Food security is defined, according to the World Food Summit of 1996, as existing "when all people at all times have access to sufficient, safe, nutritious food to maintain a healthy and active life". This commonly refers to people having "physical and economic access" to food that meets both their nutritional needs and food preferences. Today, Ethiopia faces high levels of food insecurity, ranking as one of the hungriest countries in the world, with an estimated 5.2 million people needing food assistance in 2010. Ethiopia was ranked 92 in the world in Global Hunger Index 2020.

The Human Rights Measurement Initiative finds that Ethiopia is fulfilling 61.5% of what it should be fulfilling for the right to food based on its level of income.

== Background ==
Accounting for 84% of the country's labor force, agriculture in Ethiopia is the largest contributor to economic growth and the economy's most important sector. Especially among the poverty-stricken rural population, the livelihood of most Ethiopians depends on agriculture. Although it is a country with "significant agricultural potential because of its water resources, its fertile land areas, and its large labor pool," this potential goes largely undeveloped.
Ethiopian agriculture is incredibly sensitive to shifts in weather. When rainfall is erratic or insufficient for even a few successive rainy seasons, the entire country is prone to falling into famine. The most highly publicized example of this is 1984, when Ethiopia experienced one of its worst droughts in recent history and hundreds of thousands of people (one million people is the estimate most often cited) died or became destitute due to the famine that ensued.

== Current statistics in 2010 ==
According to an early 2010 report, 5.2 million people in Ethiopia face a precarious food security situation. The worsening food security situation is attributed primarily to poor rainfall last year during the February–May and June–October seasons.

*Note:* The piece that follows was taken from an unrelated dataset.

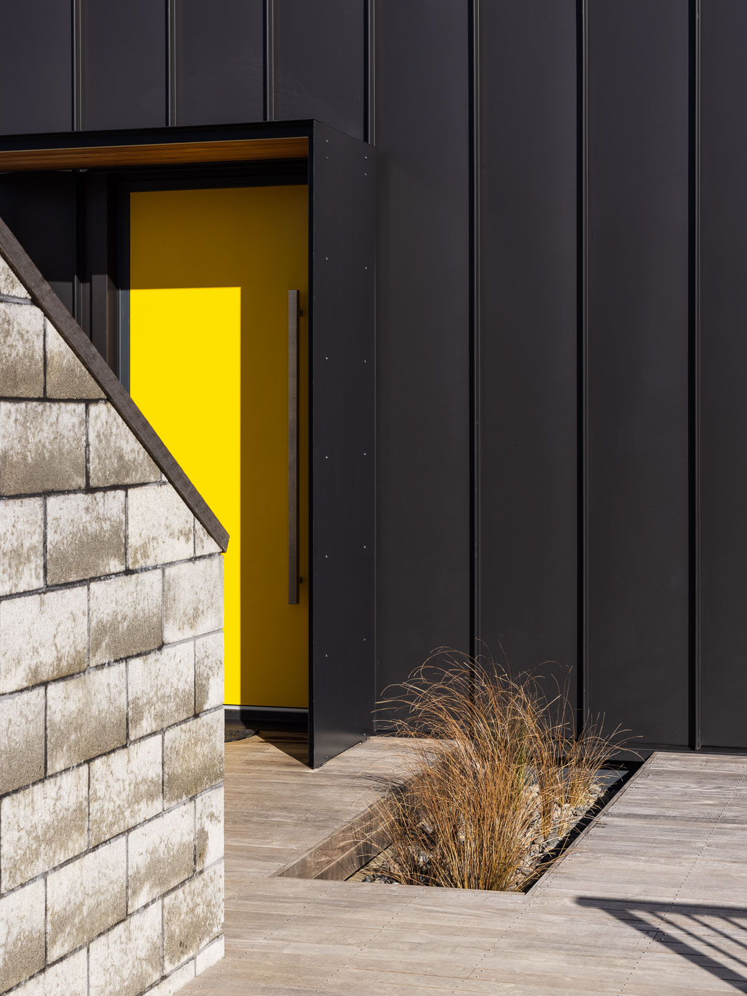 The house sits low on the street edge, with the garage hidden below. Continuous dark metal cladding further nestles the house into the green of the bush surrounds. Although a large family home, it is only the help of the drone that allows the scale of the house to be read against the hill. The outside is nearly as quiet as the inside.

A series of successive droughts had already weakened Ethiopia's food situation, with "poor and erratic rainfall over the last two years." Global conditions such as the high food and fuel prices that have persisted in the country since the 2008 financial crisis have also contributed to Ethiopia's failing food security.

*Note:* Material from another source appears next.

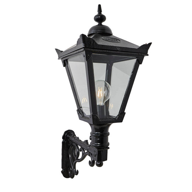 Victorian traditional cast iron wall light 1.1m in height with decorative arm The design for the Manor range is based on outdoor lighting from the Victorian era and is an extension of our own popular Traditional Park range. This classic design will enhance any outdoor space and is versatile to many different house styles.

Ethiopia is considered a least developed country ranked 171 out of 182 countries in the UNDP Human Development Index for 2009. In the 2010 Global Hunger Index, which ranks developing countries and countries in transition based on proportion of undernourished people, proportion of underweight children under five, and child mortality rate, Ethiopia was given a 29.8, on a scale of 0-100, with 0 being the best and 100 the worst possible score. Ethiopia is one of the countries that made the most absolute progress improving its score between 1990 and 2010; in 1990 it had a score of 43.7, and now it's down to 29.8. However, this score is still highly troubling – it's currently ranked 80th out of 84 countries.

The level of hunger in Ethiopia can also be measured based on child growth, which is "internationally recognized as an important indicator of nutritional status and health in populations." In 2005, 20% of babies had low birth weight (less than 2500g at birth). 53.5% of children under five and 30.6% of pregnant women were anemic. 34.6% of children were considered underweight, which contributes to child mortality, since "evidence has shown that the mortality risk of children who are even mildly underweight is increased, and severely underweight children are at even greater risk."

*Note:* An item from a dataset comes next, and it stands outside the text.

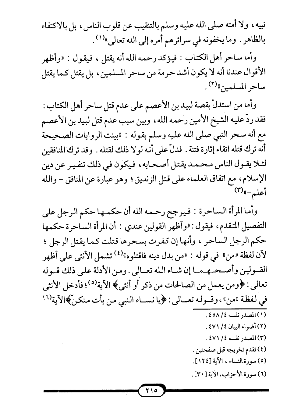 وأما من استدلّ بقصة لبيد بن الأعصم على عدم قتل ساحر أهل الكتاب: فقد ردّ الشيخ الأمين -رحمه الله-، وبين سبب عدم قتل لبيد بن الأعصم مع أنه سحر النبي صلى الله عليه وسلم بقوله: "بينت الروايات الصحيحة أنه ترك قتله اتقاء إثارة فتنة. فدلّ على أنه لولا ذلك لقتله. وقد ترك المنافقين لئلا يقول الناس محمد يقتل أصحابه، فيكون في ذلك تنفير عن دين الإسلام، مع اتفاق العلماء على قتل الزنديق؛ وهو عبارة عن المنافق –والله أعلم-"3.

50.7% of children suffered from growth retardation as a result of inadequate diets, and 12.3% were "wasting", which refers to a condition brought on by severe under-nutrition and causes permanent impairment of the immune system, making them much more susceptible to infectious diseases and death.
These high levels of under-nutrition, particularly in children and mothers, have serious implications for Ethiopia's future. High child mortality, impaired immune system, and the results of stunting due to inadequate diet, which include delayed mental development and intellectual capacity and decreased performance in school, have long-term effects, not only for those children but for economic productivity as a whole. Small, undernourished women are also more likely to experience complications in during childbirth, and are more likely to give birth to low birth-weight babies, further "contributing to the intergenerational cycle of malnutrition".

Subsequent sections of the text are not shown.